De Hoge Raad heeft geen aanleiding gezien de praktijk van de toepassing van zogenaamd snelrecht af te keuren, waarbij de verdachte meteen na aanhouding in voorlopige hechtenis wordt genomen en binnen de termijn van de bewaring wordt berecht. Die berechting eindigt veelal met een straf gelijk aan de ondergane vrijheidsbeneming, waarmee ook het instellen van appel niet meer nodig is. Bovendien is de praktijk gegroeid dat geen beleid meer wordt gevoerd teneinde de instroom in de voorlopige hechtenis te beperken (de zogenaamde ABC-categorieën zijn afgeschaft). Uit de praktijk bereiken mij thans geen geluiden meer dat er verdachten moeten worden heengezonden, terwijl zij eigenlijk voor voorlopige hechtenis in aanmerking kwamen. Dit onderwerp staat iedere keer op de agenda van de Overlegvergadering met het College van procureurs-generaal, zodat wij voortdurend zicht houden op eventuele knelpunten in de bestaande toestand.

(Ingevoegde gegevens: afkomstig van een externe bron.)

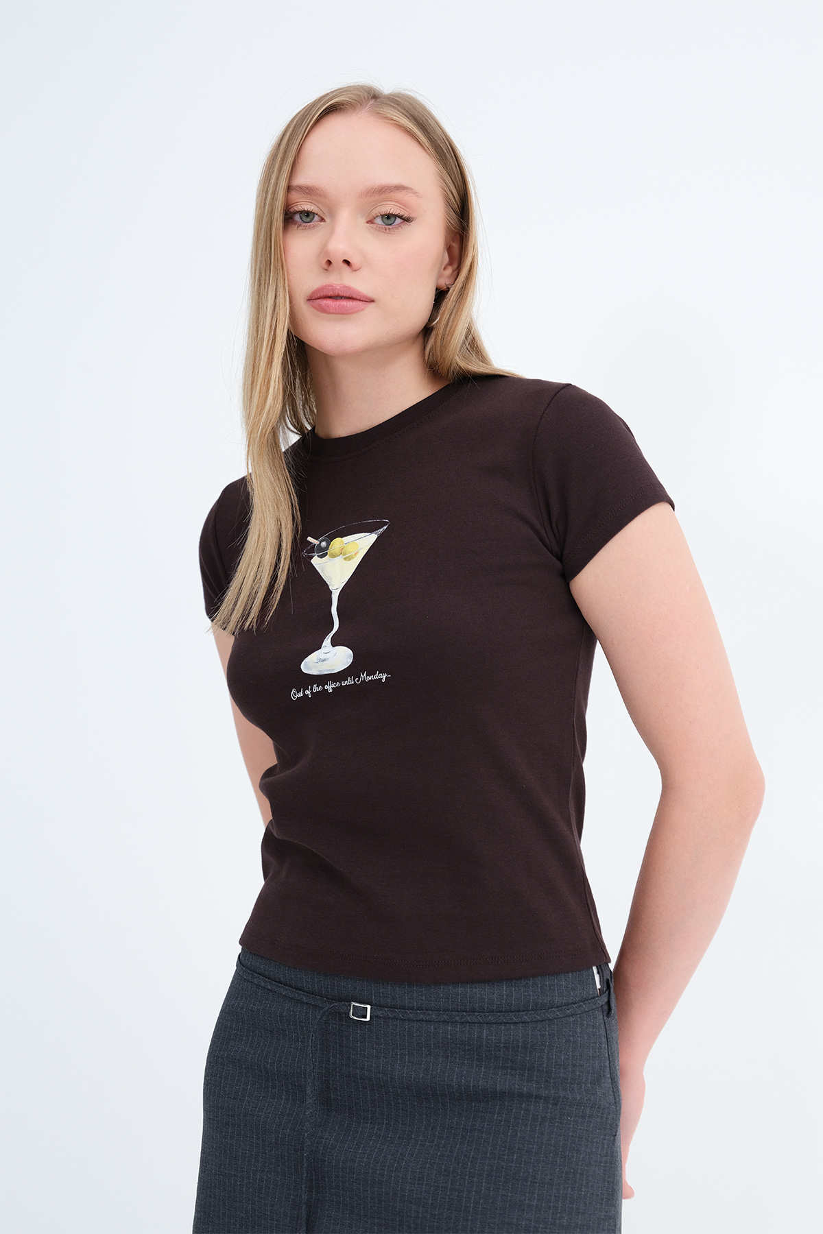 * Kadeh baskılı, rahat kalıp t-shirt,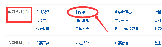 3、在查询页面,您可以看到很多跟生活非常相近的内容。一直下拉页面到“教育学习”,在教育学习右面找到“新华字典”,并点击打开。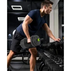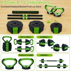 Adjustable Dumbbell Set With Iron Handle, 44lbs Weight Set, Green And Black, Octagon Head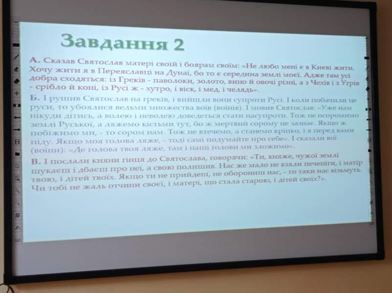 В. В джерелі описано 968 р. - напад печенігів на Київ. В результаті чого дружині князя вдалося зібратися з болгарських гарнізонів та маршем дійти до Києва і зняти облогу.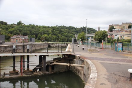 Vessels started to go elsewhere and the town was losing trade. Merchants came up with the idea of damming the river and making the harbour non-tidal. The tidal river was diverted (here, to the right) and a huge lock constructed at the entrance to the harbour.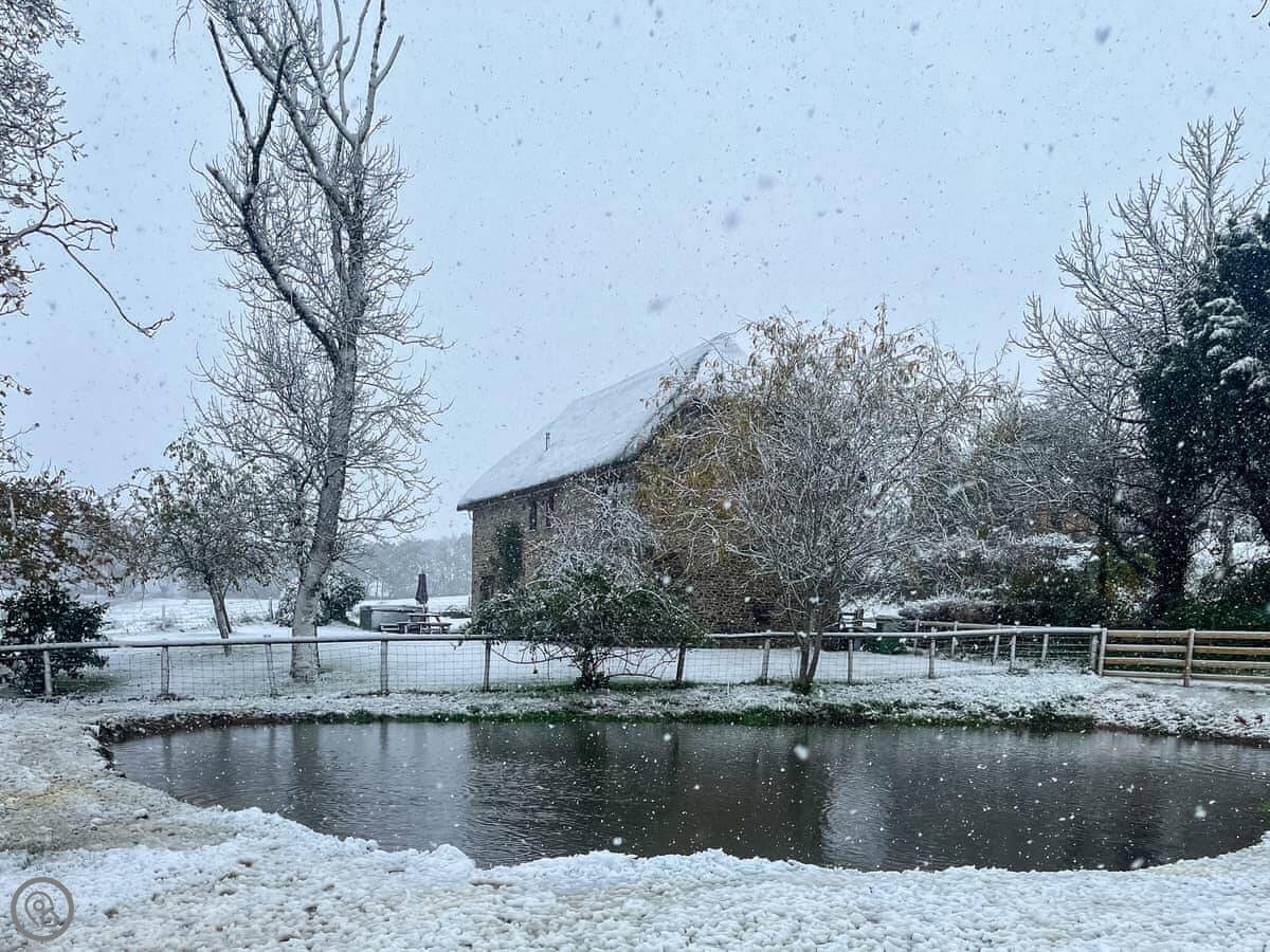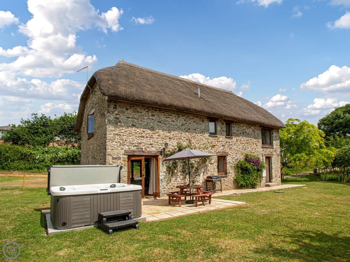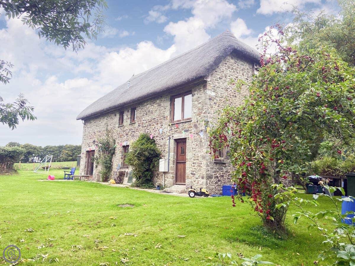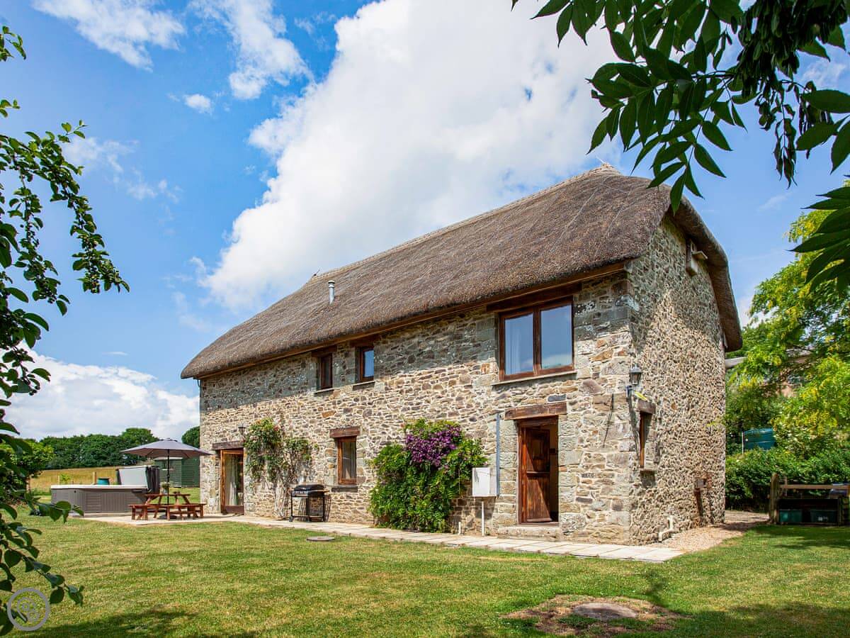 This is Pondmead. It's a thatched barn we converted, on our working farm outside Monkokehampton. It's detached, so it's just you. The views are across our fields towards Dartmoor.

Gegeven deze verschillende, deels tegenstrijdige ontwikkelingen heb ik bij de prioriteitstelling die is opgenomen in het Algemeen kader herziening strafvordering dat op 23 oktober 2003 aan uw Kamer is toegezonden (Kamerstukken II 2003/04, 29 271, nr. 1), het onderwerp voorlopige hechtenis niet voor behandeling bij voorrang in aanmerking gebracht. Bij de bespreking in het Hoofdlijnendebat op 4 februari 2004 is zodanige behandeling ook niet bepleit.

Het geheel overziende meen ik dat er aanleiding bestaat om de vraag of er nader onderzoek moet worden gedaan ter voorbereiding van een aanpassing van de regeling van de voorlopige hechtenis te beantwoorden als met dit onderwerp bij de herziening van het Wetboek van Strafvordering een begin wordt gemaakt. Over de nadere planning van dit project zult u in oktober een voortgangsbericht ontvangen.

Ik hoop u met het voorgaande voldoende te hebben ingelicht.